On the surface, much of the positive psychology movement is all about self-improvement, but Svend Brinkman, a Danish Professor of Psychology at Aalborg University, Denmark, cautions us about the dangers of too much emphasis on “happiness”.

In the last couple of years, Americans have appropriated the Danish term hygge (pronounced “hoo-guh”) which is defined as “a quality of coziness and comfortable conviviality that engenders a feeling of contentment or well-being.” Denmark has become a sort of beacon of happiness as a result—and not without deleterious effect.

Brinkman studies the impact of psychiatric diagnoses on individuals and society and has written several books on the dangers of taking self-improvement. In a video interview, Brinkman urged Americans to resist the pressure to improve ourselves and be “reflexively positive”.

“Positive psychology forces people to constantly develop and improve with this positive attitude. It wasn’t always like this in Denmark,” Brinkman said. “Paradoxically, as Danes, because we’re ‘supposed’ to be happy all the time it is making us miserable. I think it’s important for a human being to feel that it’s okay to feel grey or blue. There’s no problem with that. That’s also life.”

Donley concurs. In her book, she describes oppressive positivity—that is, the belief that positive people and optimistic attitudes are required for happiness, success, and healing to occur is a falsehood that many have bought into, hook, line, and sinker.

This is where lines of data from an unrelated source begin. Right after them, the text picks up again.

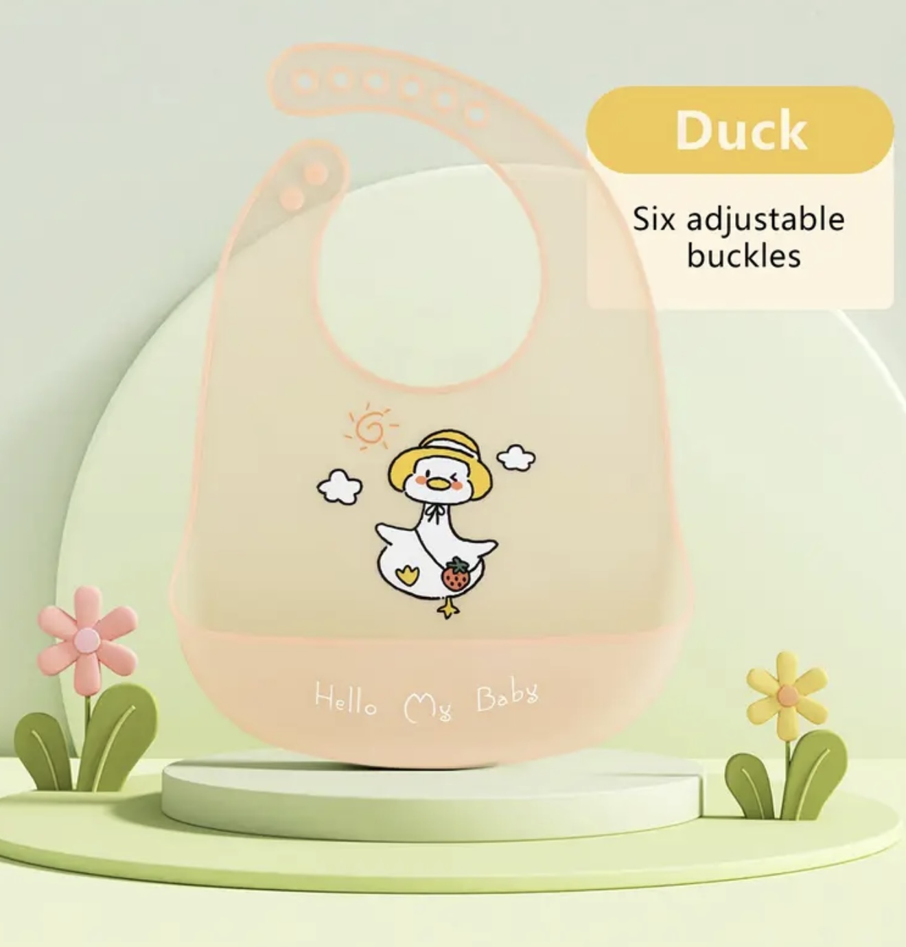 ۱ عدد پیشبند سیلیکونی سبک نوزاد با طراحیهای دوستداشتنی مناسب دختر و پسر، دارای دکمه تنظیم، بادوام و آسانتمیزشو، ایدهآل برای زمان غذا خوردن کودک، از لوازم کاربردی تغذیه نوزاد
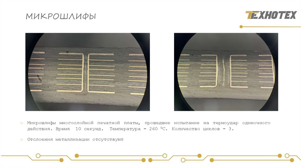 МИКРОШЛИФЫo Микрошлифы многослойной печатной платы, прошедшие испытание на термоудар одиночного
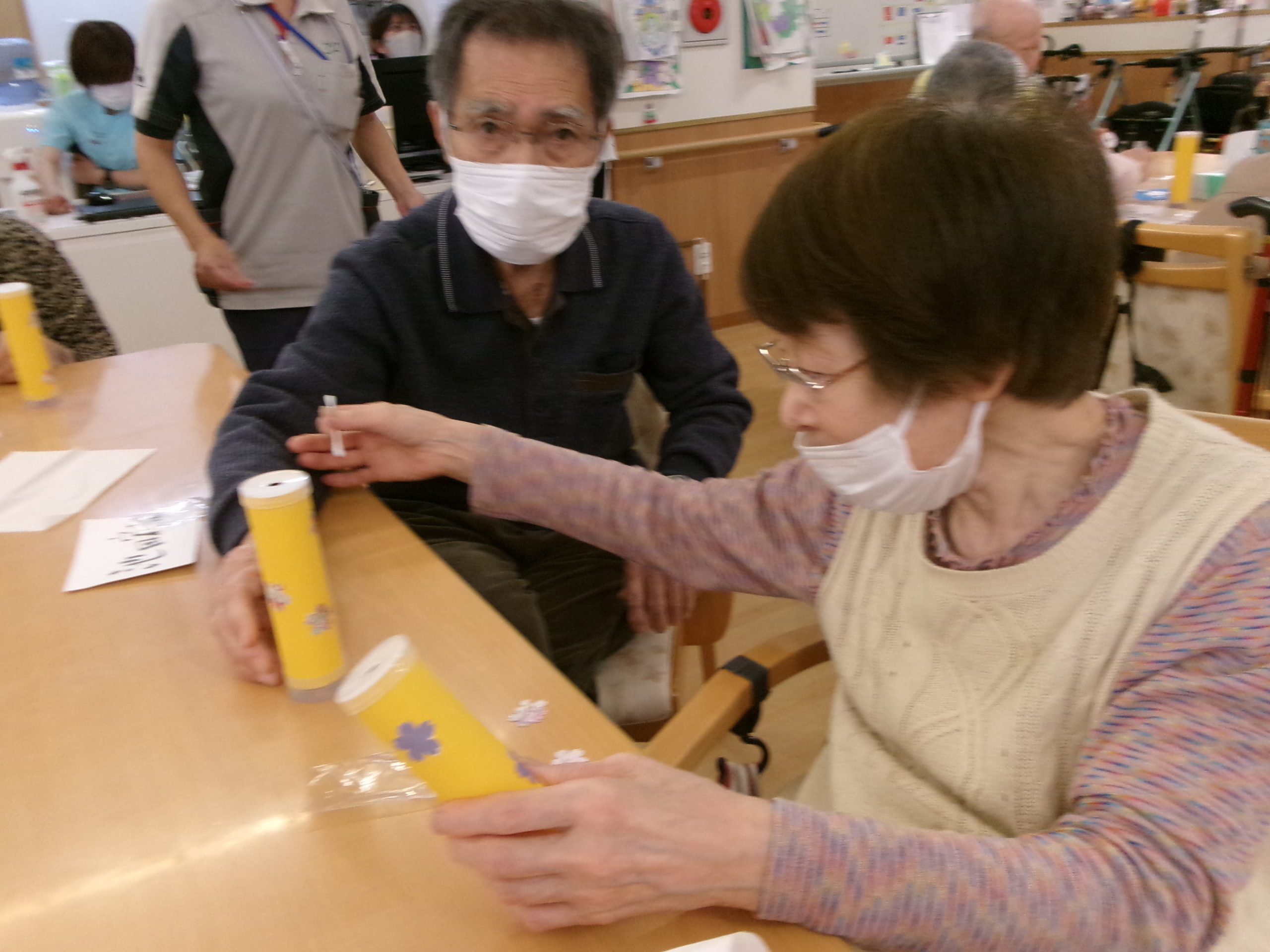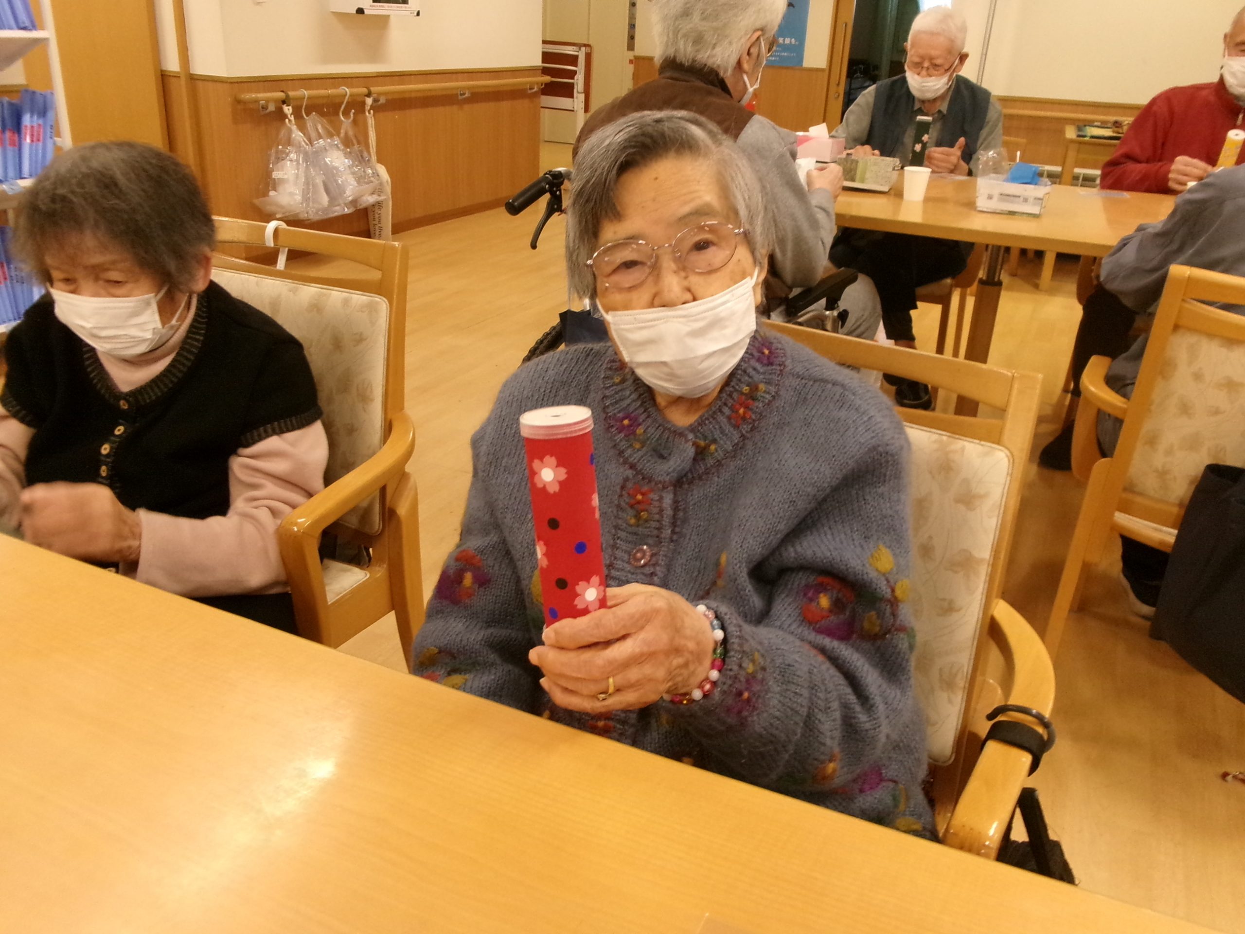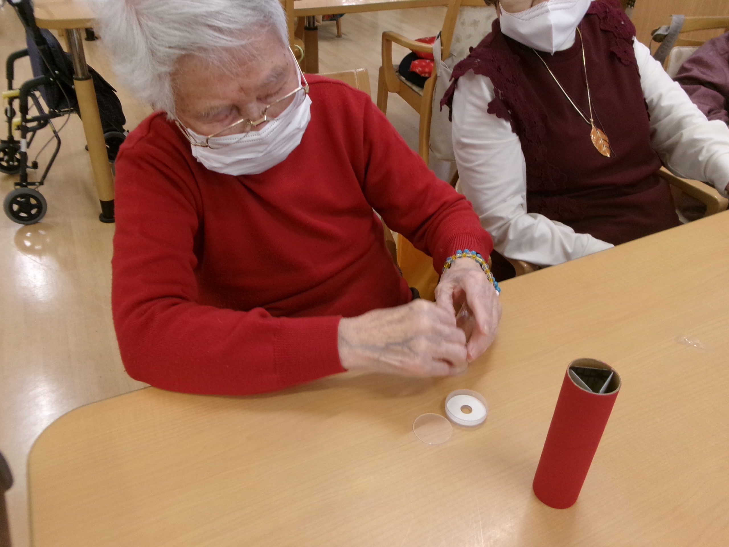 作り途中に自分で作った万華鏡を覗いて楽しまれていたり、完成後は皆で見せ合い等をして楽しまれていました🥰

“It’s a lie that’s constantly being fed to us,” said Donley. “It’s a myth supported by groupthink. You no longer need to digest falsity because it sets an unreasonable standard for society. In reality, all feelings are valid and necessary. The key is to skillfully manage the difficult ones.”

*Not real names.

Sources:

Erin Donley, Don’t Tell Me To Calm Down
Martin Seligman, Authentic Happiness
Svend Brinkman, Stand Firm: Resisting the Self-Improvement Game


Artwork © Kija Lucas

3 thoughts on “The Cult of Oppressive Positivity”

  1. love this. making us feel bad about feeling bad is a double-dose of negativity. step one for healing is accepting where we currently are, without judgment. Thank you.

    1. Thanks, Paige. There is a fine line between supporting others and damning or shaming them. I think of that quote “What you resist, persists.” We can’t really make lasting, effective change without first getting super honest about things as they are and accepting reality. That goes both for the individual who is struggling and for those who care about, live with, or work with them. Acceptance and acknowledgement is a BIG first step, and—in my experience—sometimes brings about a shift all on its own.

  2. (woah, what’s with all the caps without the caps lock being on??)